------ GIVEN DATA
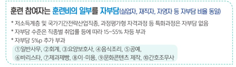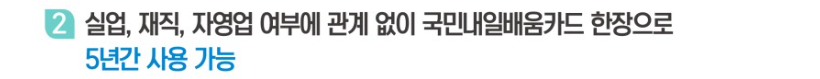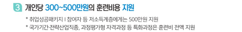 실업자, 재직자, 자영업 여부에 관계없이 내일배움카드 한 장으로 5년간 사용이 가능하고 개인당 300~500만 원의 훈련비용을 지원받을 수 있습니다.
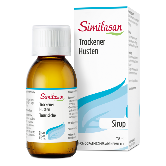Gemäss homöopathischem Arzneimittelbild kann Similasan Trockener Husten angewendet werden bei trockenem Husten und Hustenreiz infolge von Erkältungen.
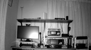 | 室内カメラで状態の監視をしています。通常は、ルーターとIP9258の電源のみ入っています。 IP9258を操作することで無線機の電源やパソコンを起動することが出来ます。 |
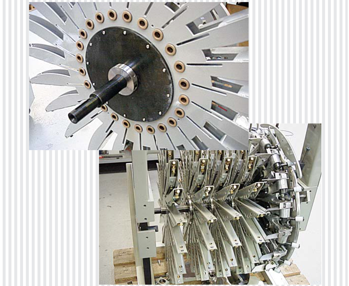 这是一条在印刷和折叠好的报刊内插放副刊或增刊的作业线。用 ETP-EXPRESS 将许多星形分拣轮沿着机轴的长度方向与轴连接。由于星形分拣轮的排放非常紧凑,必须采用这类能够从径向操作的液压胀紧套。此外,该应用条件还要求液压胀紧套具有径向和端向跳动小、以及震动小等特点。
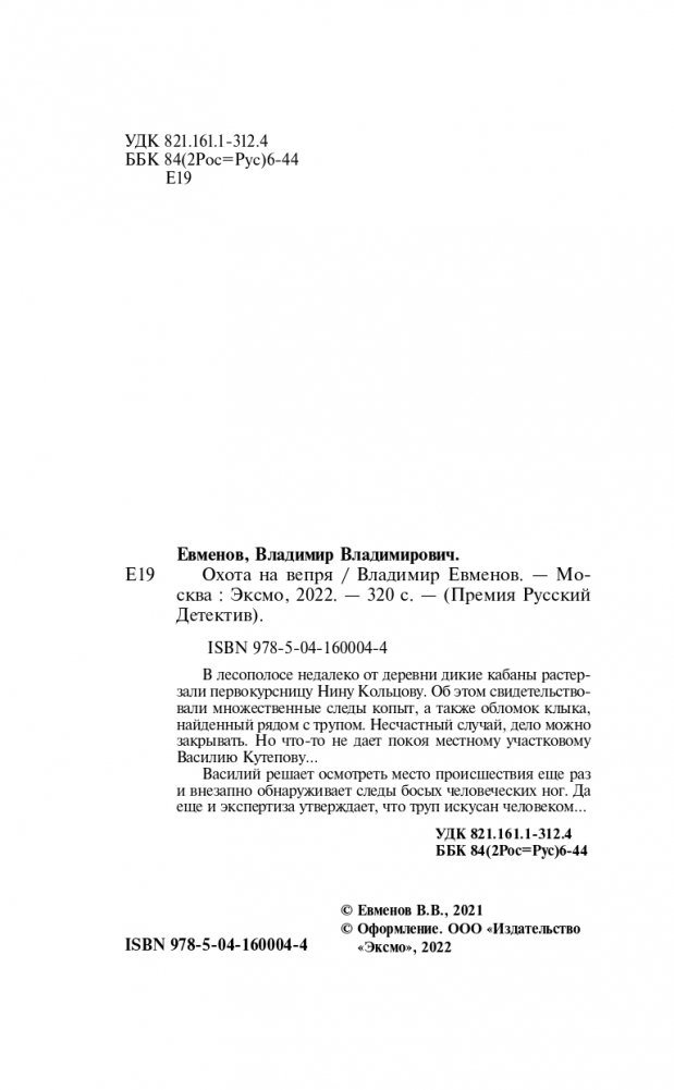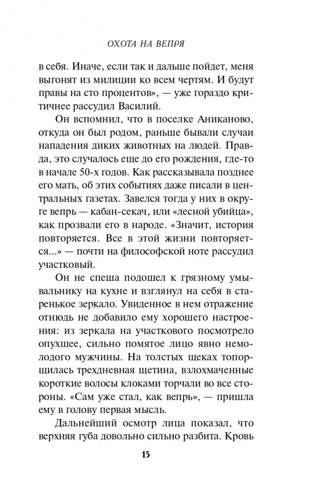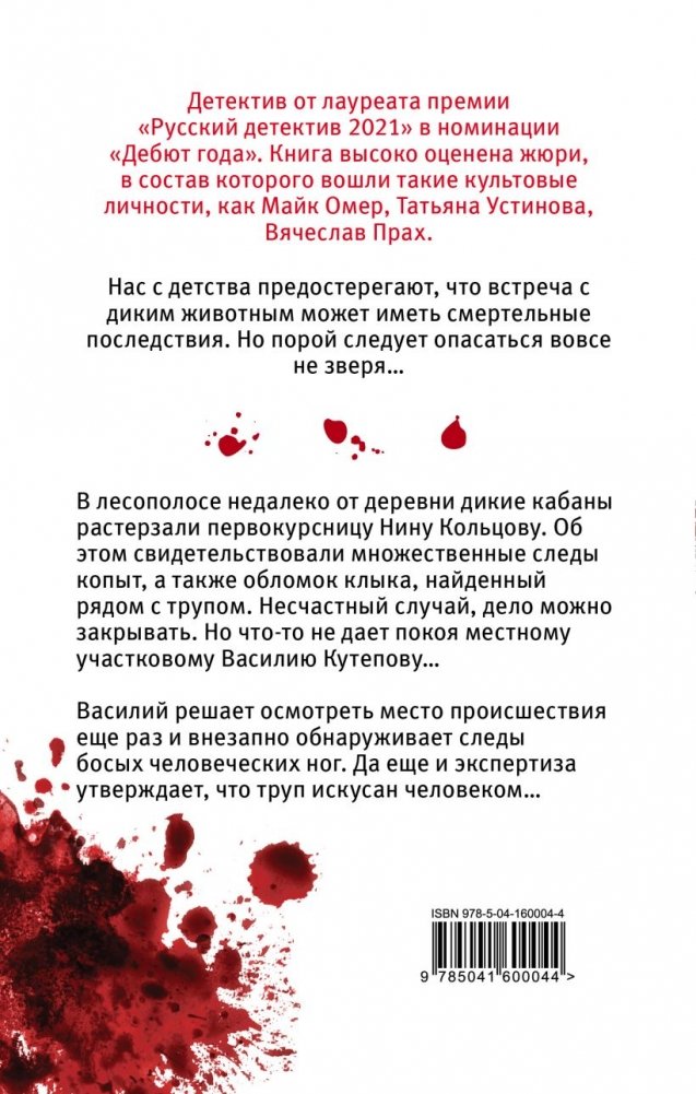 В лесополосе недалеко от деревни дикие кабаны растерзали первокурсницу Нину Кольцову. Об этом свидетельствовали множественные следы копыт, а также обломок клыка, найденный рядом с трупом. Несчастный случай, дело можно закрывать. Но что-то не дает покоя местному участковому Василию Кутепову…
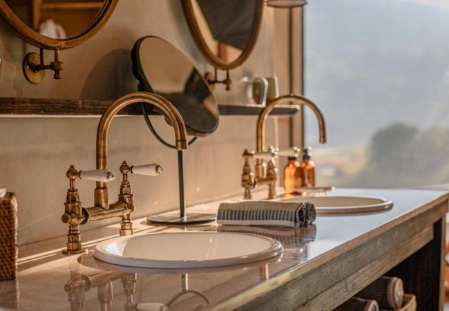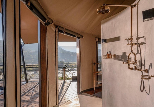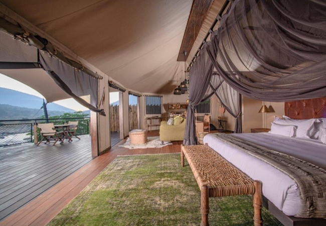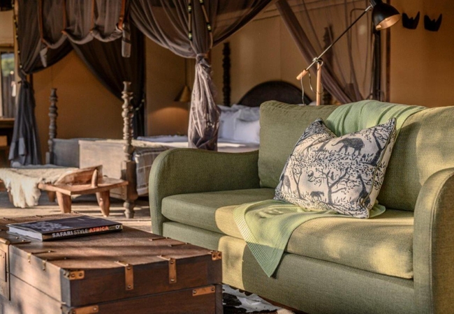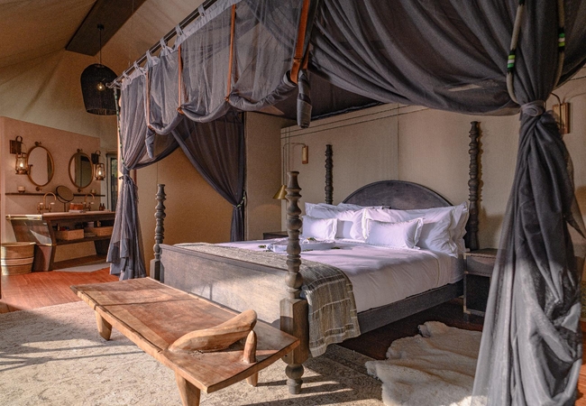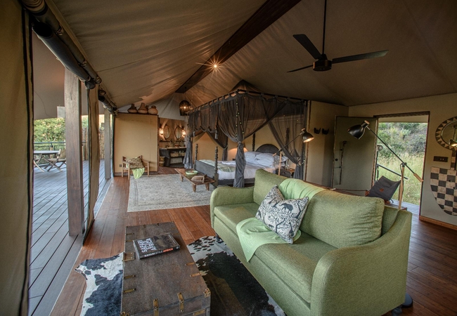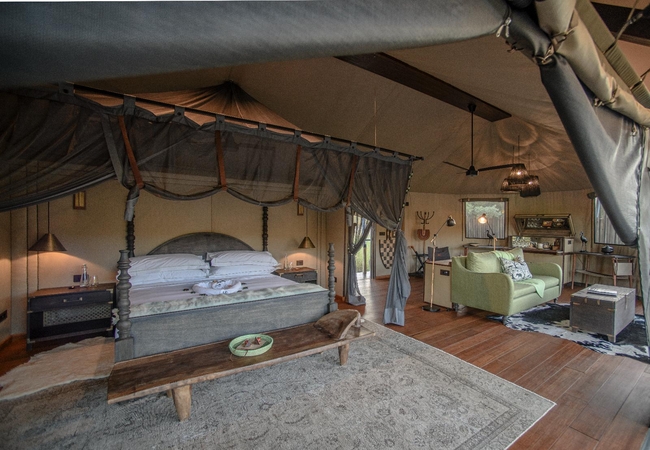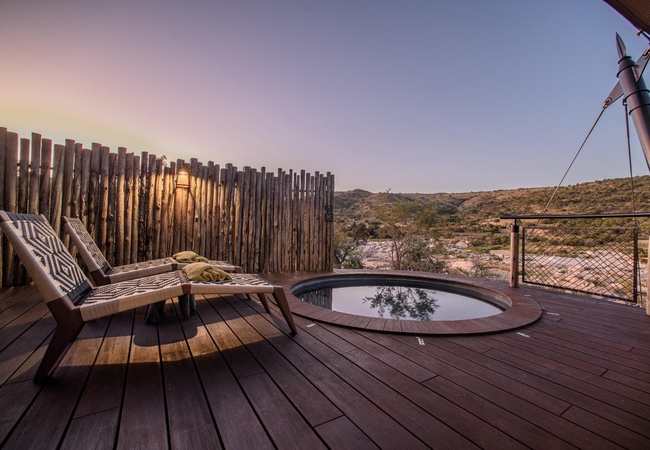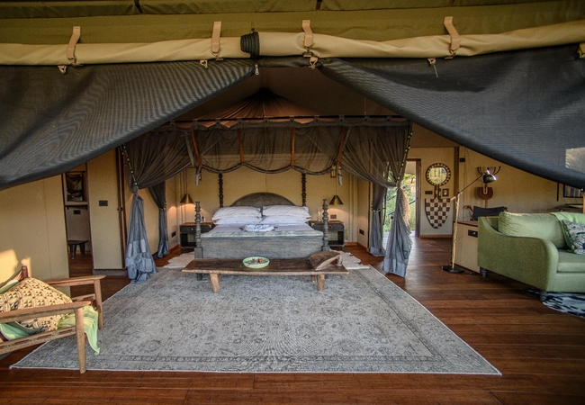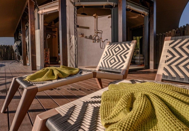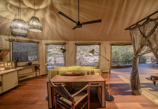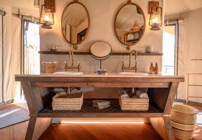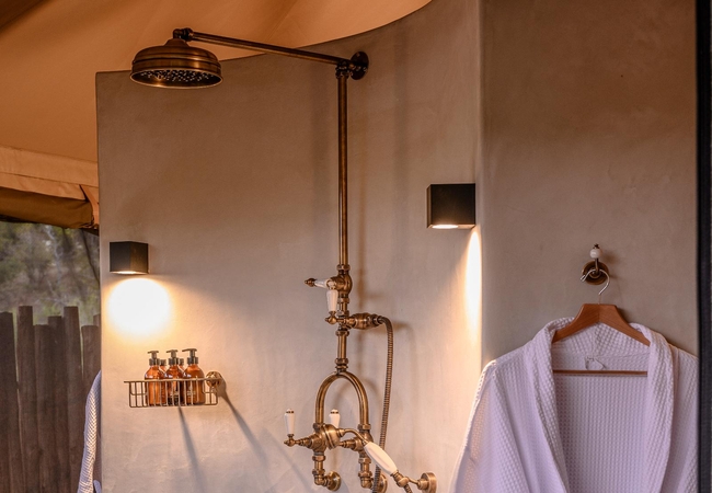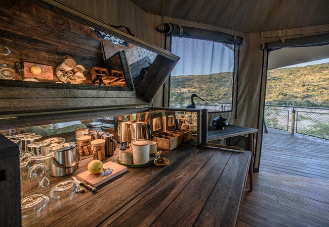 The Luxury Tents are furnished with twin beds that can convert to King-size beds, ceiling fan and mosquito net. The en-suite bathroom is fitted with a shower, toilet and dual vanities. A drink, tea and coffee station are available and the lounge area opens to a deck with a plunge pool.
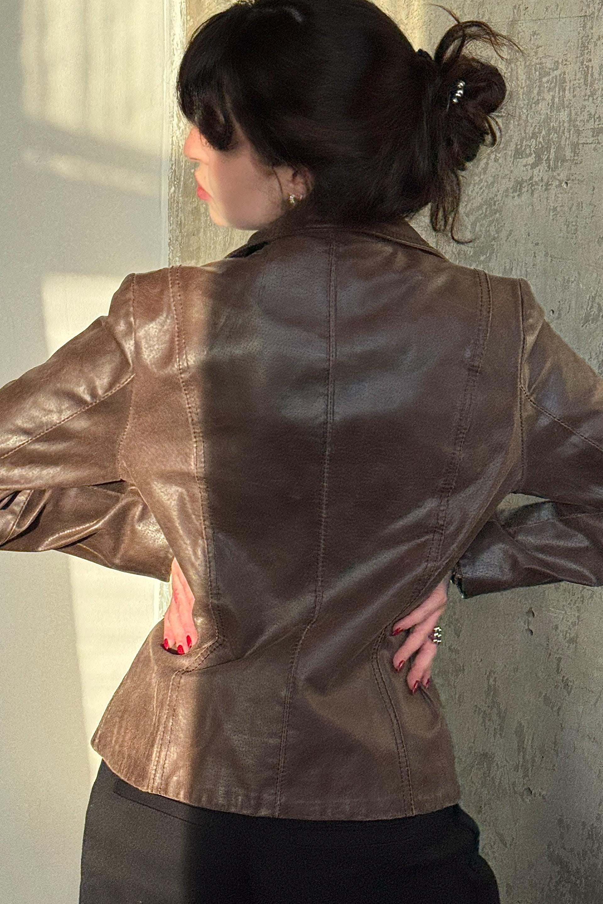 Vintage Leather Boxy Jacket In Brown In Cowboy Style
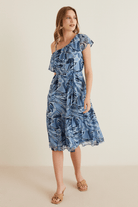 Tek Omuz Dekolteli Fırfırlı Midi Boy Elbise
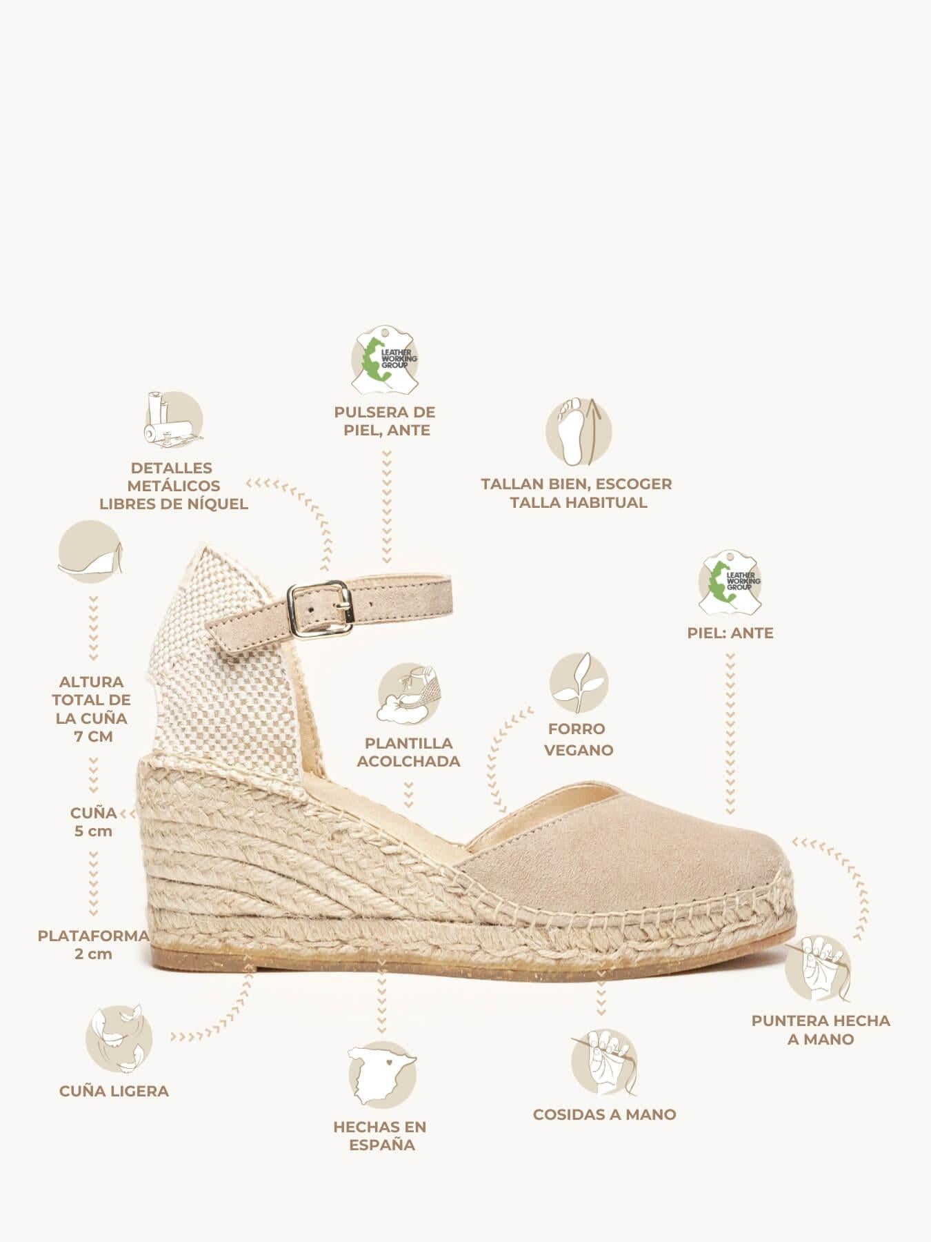 - El Ante de la alpargata Jara está certificado por el Leather Working Group (una organización que promueve prácticas ambientales sostenibles)
------------
● PROBLEM TO WORK ON: Drop the pictures and reproduce the rest of the entries above exactly.

● REPLY TO THE TASK:
 실업자, 재직자, 자영업 여부에 관계없이 내일배움카드 한 장으로 5년간 사용이 가능하고 개인당 300~500만 원의 훈련비용을 지원받을 수 있습니다.
Gemäss homöopathischem Arzneimittelbild kann Similasan Trockener Husten angewendet werden bei trockenem Husten und Hustenreiz infolge von Erkältungen.
 | 室内カメラで状態の監視をしています。通常は、ルーターとIP9258の電源のみ入っています。 IP9258を操作することで無線機の電源やパソコンを起動することが出来ます。 |
 这是一条在印刷和折叠好的报刊内插放副刊或增刊的作业线。用 ETP-EXPRESS 将许多星形分拣轮沿着机轴的长度方向与轴连接。由于星形分拣轮的排放非常紧凑,必须采用这类能够从径向操作的液压胀紧套。此外,该应用条件还要求液压胀紧套具有径向和端向跳动小、以及震动小等特点。
 В лесополосе недалеко от деревни дикие кабаны растерзали первокурсницу Нину Кольцову. Об этом свидетельствовали множественные следы копыт, а также обломок клыка, найденный рядом с трупом. Несчастный случай, дело можно закрывать. Но что-то не дает покоя местному участковому Василию Кутепову…
 The Luxury Tents are furnished with twin beds that can convert to King-size beds, ceiling fan and mosquito net. The en-suite bathroom is fitted with a shower, toilet and dual vanities. A drink, tea and coffee station are available and the lounge area opens to a deck with a plunge pool.
 Vintage Leather Boxy Jacket In Brown In Cowboy Style
 Tek Omuz Dekolteli Fırfırlı Midi Boy Elbise
 - El Ante de la alpargata Jara está certificado por el Leather Working Group (una organización que promueve prácticas ambientales sostenibles)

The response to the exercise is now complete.